I have only had to spray it 4 times and the difference it has made. wish i had used it months ago as i had tried everything and nothing worked until i used this spray.

Good luck


----------



## marisa (Jun 19, 2012)

One of my friends used a spritzer water bottle and spritzed the dog in the nose with it when it tried to bite. It did stop biting, but I don't know if I could do that unless I was really concerned with the biting.


----------



## Beth Watkins (Jun 11, 2012)

I posted something similar to this! Minnie is 8 weeks and when she gets to playful she really hurts when she bites and gets far to carried away! And when you shout NO and her to trys to bite you even more! Im being very consistant with her and she is slooowly starting to learn!! It's when she sees my younger sister she get like this and I know it's because she always plays with Minnie and she just thinks she playing all the time! 

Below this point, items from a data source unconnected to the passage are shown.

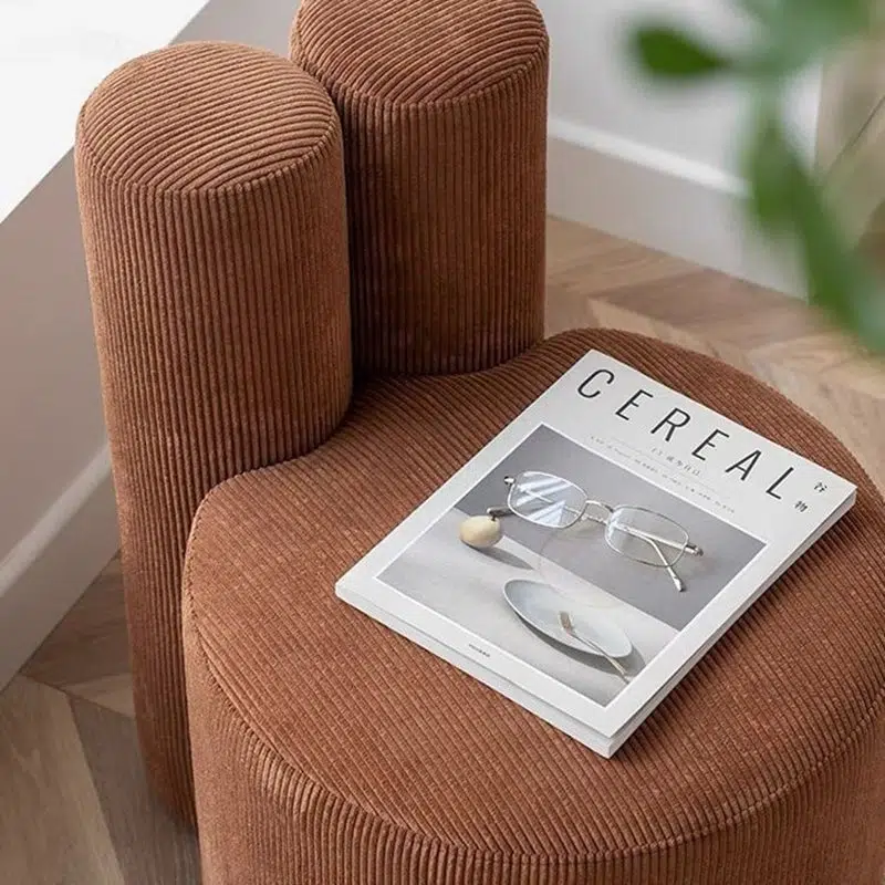Contemporary Nordic Rabbit Ears Cylinder Corduroy Solid Wood Vanity Stool Backrest Armless For Bedroom
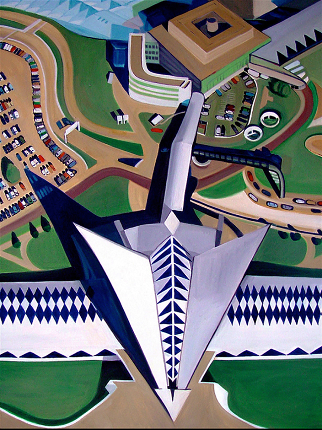 The work feels almost like a map, yet it is never cold or mechanical. From above, the airport resembles a dramatic sculpture shaped by sweeping curves, stretching outward like wings in motion. The comparison to a bird in flight feels natural. Airports are places of departure, arrival, and transition. They are symbols of forward movement. They also represent modern architecture’s urge to look sleek, smooth, and weightless. Toni captures that spirit without painting literal detail. The structure becomes form—clean, open, dynamic.
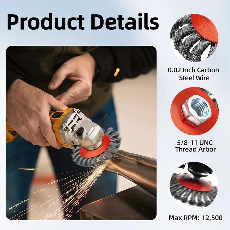 SPECIFICATION: 0.02? carbon steel twisted wires, 4? width wheel brush, universal 5/8-11? threaded arbor, MAX RPM 12,500. 5 Pack wheel brushes.
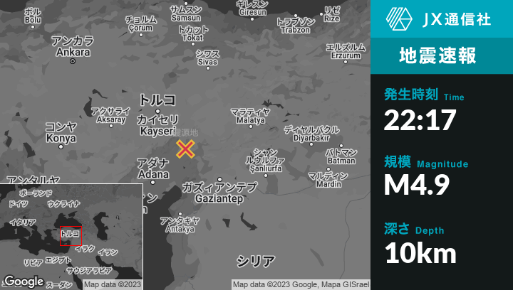 2月06日 22:17頃、トルコのGöksunから南西20kmの地点でM4.9の地震がありました。
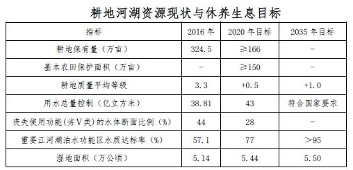 到2020年,耕地數(shù)量穩(wěn)定、質(zhì)量提高,河湖生態(tài)空間有效恢復(fù),濕地面積增加,耕地河湖生態(tài)功能有效改善,資源有效保護(hù)和高效利用的政策與技術(shù)支撐體系基本建立。到2035年,耕地河湖資源利用與養(yǎng)護(hù)全面步入良性循環(huán),資源休養(yǎng)生息制度體系更加完善,形成資源利用高效、生態(tài)系統(tǒng)穩(wěn)定、農(nóng)業(yè)可持續(xù)發(fā)展、水生態(tài)環(huán)境優(yōu)良的新格局,實(shí)現(xiàn)人與自然和諧共生。
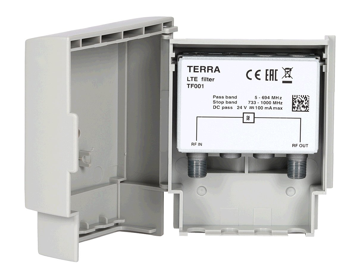 Terra TF007A je pásmový filtr určený k potlačení LTE700 pásma. Filtr je umistěn v Zamak odlitku s F konektory. Filtr je určen pro montáž do venkovního prostředí. Filtr je průchozí pro signály v pásmu 5-240 MHz a 470-694 MHz. Filtr je průchozí pro napájení
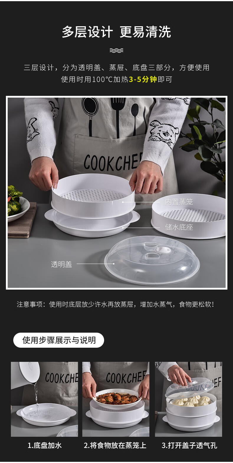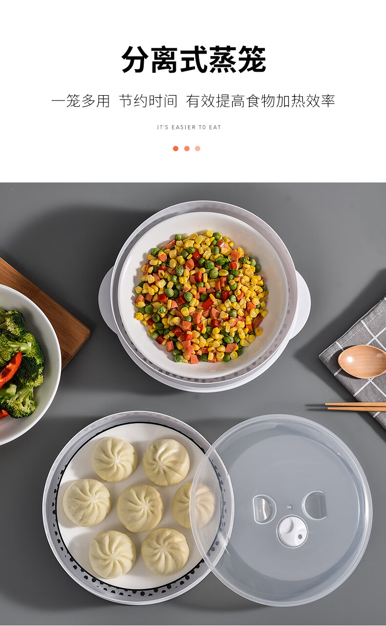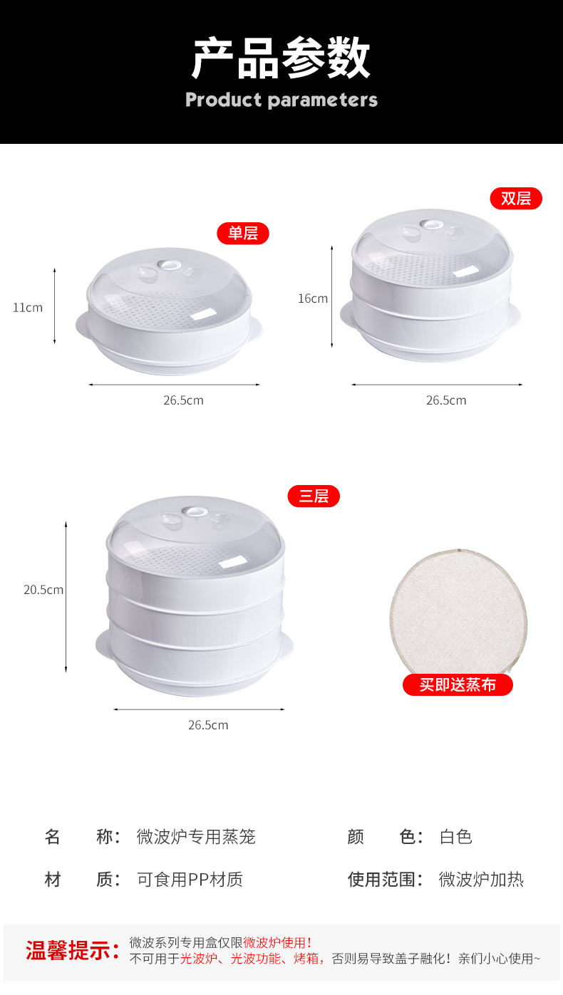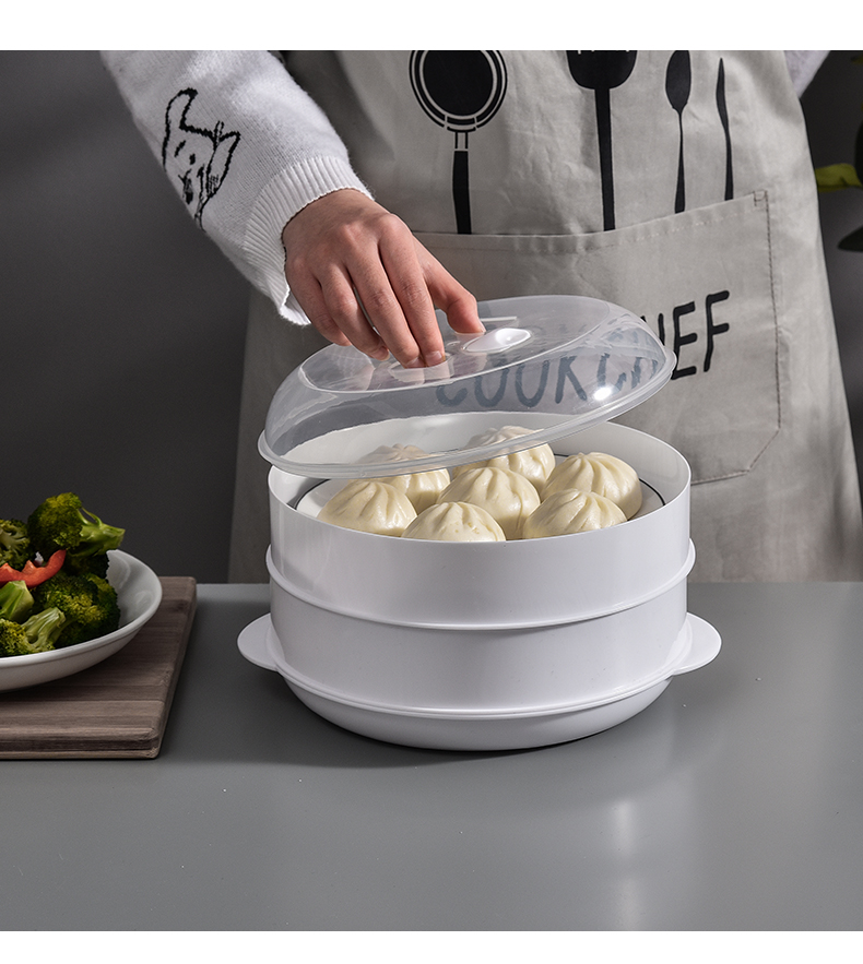 Suitable for Galanz microwave steamer, steamer with lid, steaming box, steaming tray, microwave bowl, used for rice, steamed buns and dumplings heating box, plastic steamer container, large white two-layer (with 1 steaming cloth)
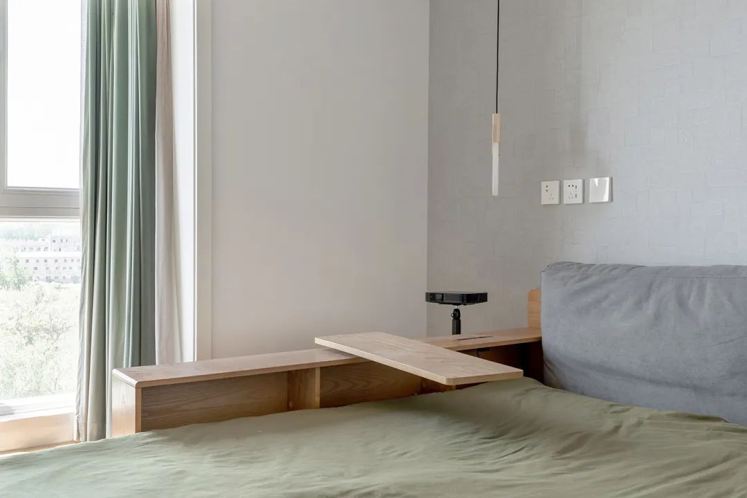 床右侧的有一个竖向的床头柜,上面的台面也可以来回旋转,平时在床上看书的时候,也方便放置一些随手物品。
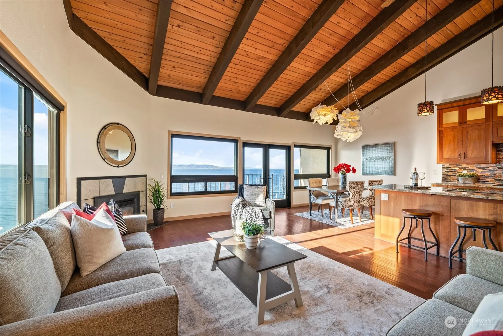 Exceptional 1640 sqft 3 bed, 2 bth condo has been beautifully updated. Kitchen w/ custom built Brazilian cherrywood cabinets, granite counters, induction stove, wall oven, built in dishwasher, stainless appliances, custom built pantry w/ slide out drawers. Spacious great room w/ spectacular unobstructed views of Puget Sound, Olympic Mountains & Maury Island, engineered hardwood floors, gas fireplace & large deck to take in amazing Redondo sunsets. Primary w/ engineered hardwood floors, private bath, travertine heated floors, heated shower floor & seat, double vanity w/ granite & walk in closet. 2 guestrooms w/ engineered hardwood, guest bath w/ granite counter & travertine heated floors. Gated entry, elevator, pool, sauna, gym.
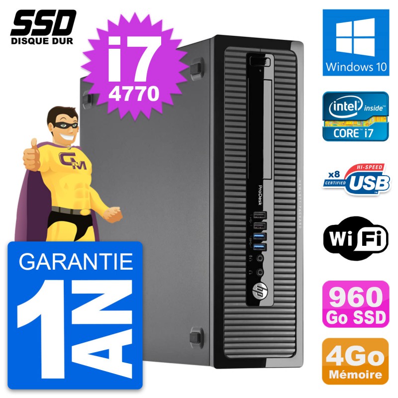 PC HP ProDesk 400 G1 SFF Intel Core i7-4770 RAM 4Go SSD 960Go Windows 10 Wifi
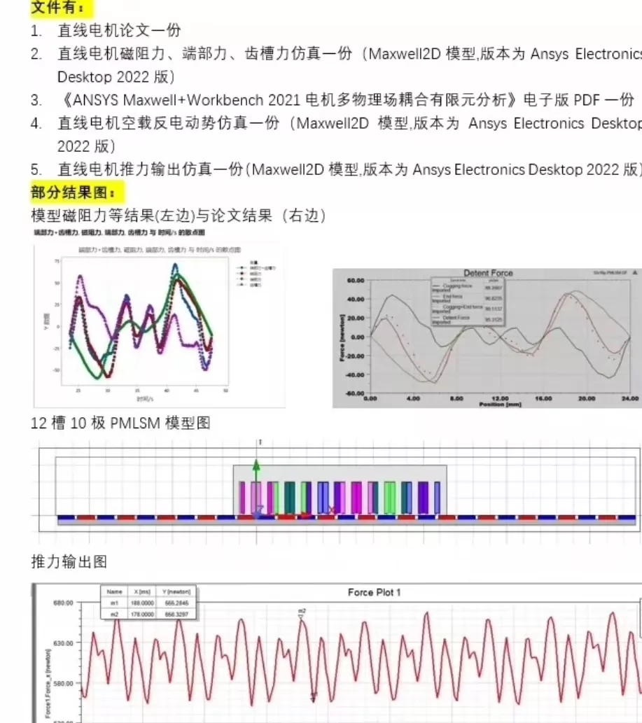 12槽10极平板型永磁同步直线电机仿真,12槽10极平板型永磁同步直线电机仿真,包括:1.复现一份2.直线电机制动力仿真模型一份3.直线电机空载反电动势波形和推力输出模型一份12槽10极平板型永磁同步直线电机,绝对是直线电机里的“国民款”——短距配合天生齿槽转矩低,推力波动小,不管是练手仿真还是实际项目都好使。今天咱就把复现、制动力、空载反电动势+推力这三个仿真模块唠明白,代码和分析都给你们扒得明
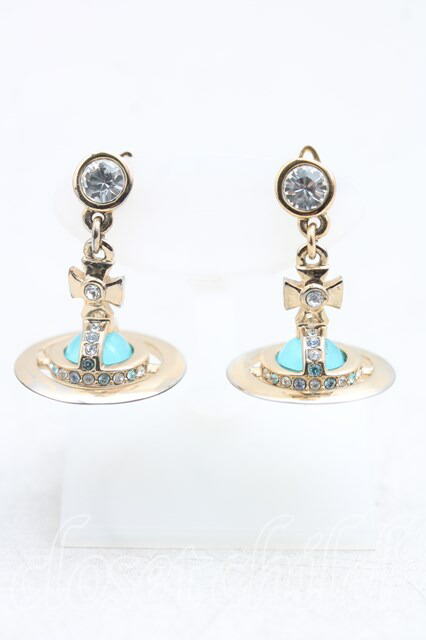 ヴィヴィアンウエストウッド 中古 / ニュープチオーブピアス ゴールドx水色 H-25-10-12-115-er-OD-ZH [2100050000012110-H-25-10-12-115-er-OD-ZH]
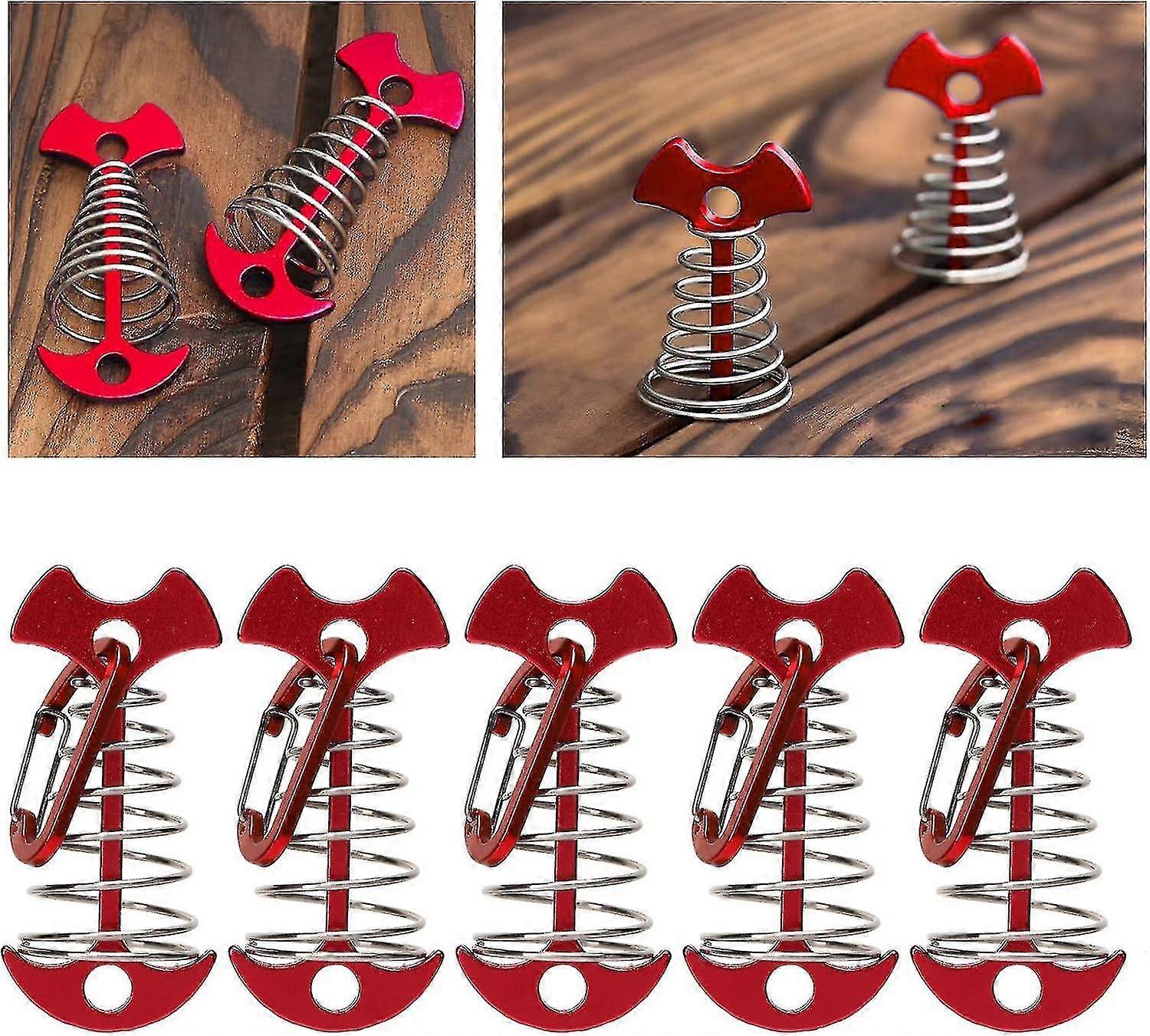 5pcs Windproof Tent Stakes, Aluminum Alloy Camping Pegs, Fishbone Tent Anchors with Spring Buckle, Portable Wind Rope Nails--5Pcs Red

Other than this shes amazing! I wouldn't change her for the world and I know in time she'll grow out of it!! I know exactly how you feel though, Jo!! 

x x x


----------



## designsbyisis (Dec 27, 2011)

I hope you are feeling better now you know it's not just you ! I had some nights when I seriously considered giving Dex up because of it - I promise it will resolve. At night now we have what everyone dreams of - a well behaved & toilet trained ball of fluff who loves nothing more than a cuddle & snooze on the sofa while watching the telly. 


Sent from my iPhone 
Lisa - mum of 3 boys, Dexter Cockapoo & 4 hens !


----------